Would you please give every entry again exactly, without the pictures?

····················

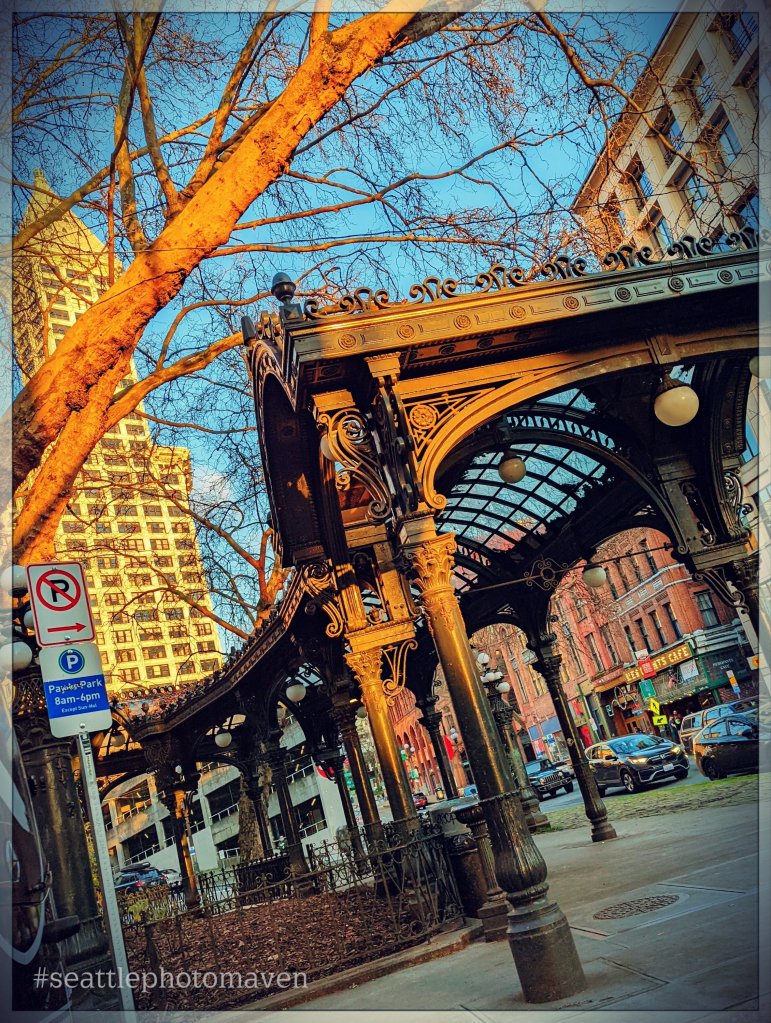 Pioneer Square Pergola cameo, warming in the afternoon sun today.”…built in 1909 to shelter passengers waiting for cable cars on the James Street and Yesler Way lines. The pergola is located at the intersection of 1st Avenue and Yesler Way, and was designated a National Historic Landmark in 1977.” #pioneersquare #seattle
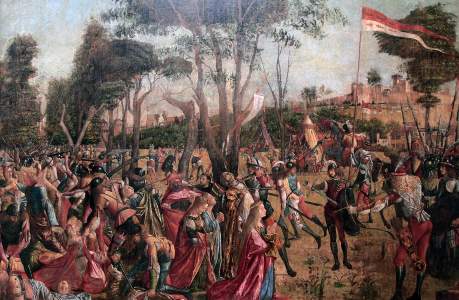 ![]() Martyrdom of the Pilgrims, the Life of St Ursula, by Vittore Carpaccio, 1490-96 |
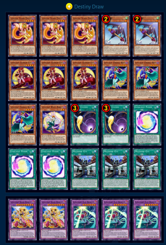 卡组方面,投入月光本家和新宇侠的配件,剩下就是一些辅助卡,技能毅力防止被otk。新宇月光目前是靠着新宇侠的辅助展开,然后运用本家资源进行otk突击的卡组。打法简单暴力。组法也是通俗易懂。龙魔导用来检索融合,新宇侠融合因为可以卡组融合,能够触发月光怪兽的效果。进行一系列的后续操作。这卡组真的是比较强势,简单做到的otk。不怕风筝机人,避免一些遗言效果。出了大姐能单刷想当一部分的黑魔导和青眼这样的卡组。
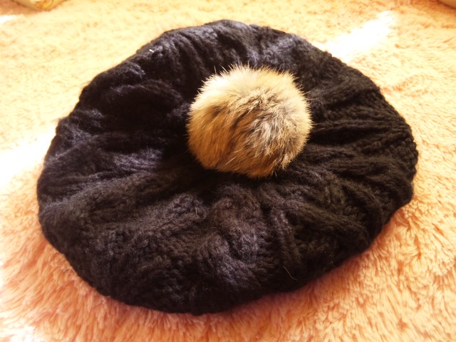 お気に入りファッションの、ニット帽。 帽子の口がゆるいので、かぶりやすいのが良い! 黒のニットに茶色のフワフワボンボンがいい感じです。
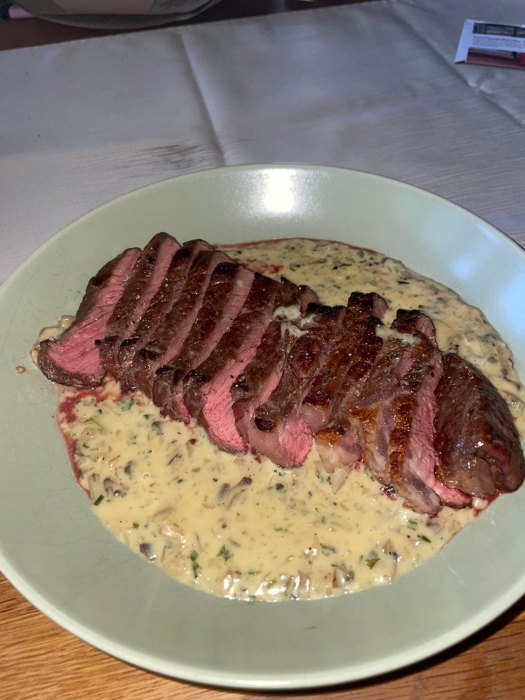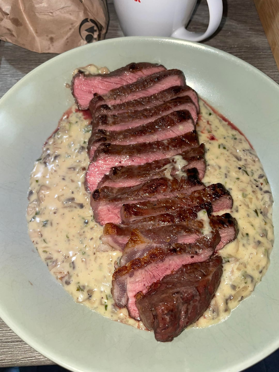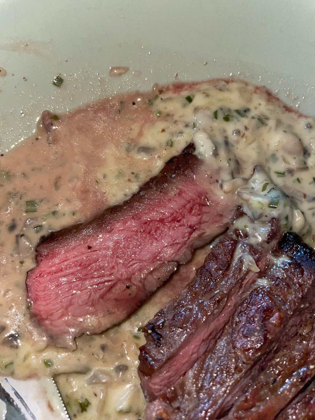 Ich habe das Steak per Reverse Sear zubereitet, hätte für meinen Geschmack ein bisschen weniger durch seien können, bin aber zufrieden für das erste Mal mit der Technik. Für die Sauce hab ich Champignons und Zwiebeln angeschwitzt und mit Butter, schwarzem Pfeffer, Gemüsebrühe und Sahne verarbeitet.

····················

▶ _EXERCISE SOLUTION_
 Pioneer Square Pergola cameo, warming in the afternoon sun today.”…built in 1909 to shelter passengers waiting for cable cars on the James Street and Yesler Way lines. The pergola is located at the intersection of 1st Avenue and Yesler Way, and was designated a National Historic Landmark in 1977.” #pioneersquare #seattle
 ![]() Martyrdom of the Pilgrims, the Life of St Ursula, by Vittore Carpaccio, 1490-96 |
 卡组方面,投入月光本家和新宇侠的配件,剩下就是一些辅助卡,技能毅力防止被otk。新宇月光目前是靠着新宇侠的辅助展开,然后运用本家资源进行otk突击的卡组。打法简单暴力。组法也是通俗易懂。龙魔导用来检索融合,新宇侠融合因为可以卡组融合,能够触发月光怪兽的效果。进行一系列的后续操作。这卡组真的是比较强势,简单做到的otk。不怕风筝机人,避免一些遗言效果。出了大姐能单刷想当一部分的黑魔导和青眼这样的卡组。
 お気に入りファッションの、ニット帽。 帽子の口がゆるいので、かぶりやすいのが良い! 黒のニットに茶色のフワフワボンボンがいい感じです。
 Ich habe das Steak per Reverse Sear zubereitet, hätte für meinen Geschmack ein bisschen weniger durch seien können, bin aber zufrieden für das erste Mal mit der Technik. Für die Sauce hab ich Champignons und Zwiebeln angeschwitzt und mit Butter, schwarzem Pfeffer, Gemüsebrühe und Sahne verarbeitet.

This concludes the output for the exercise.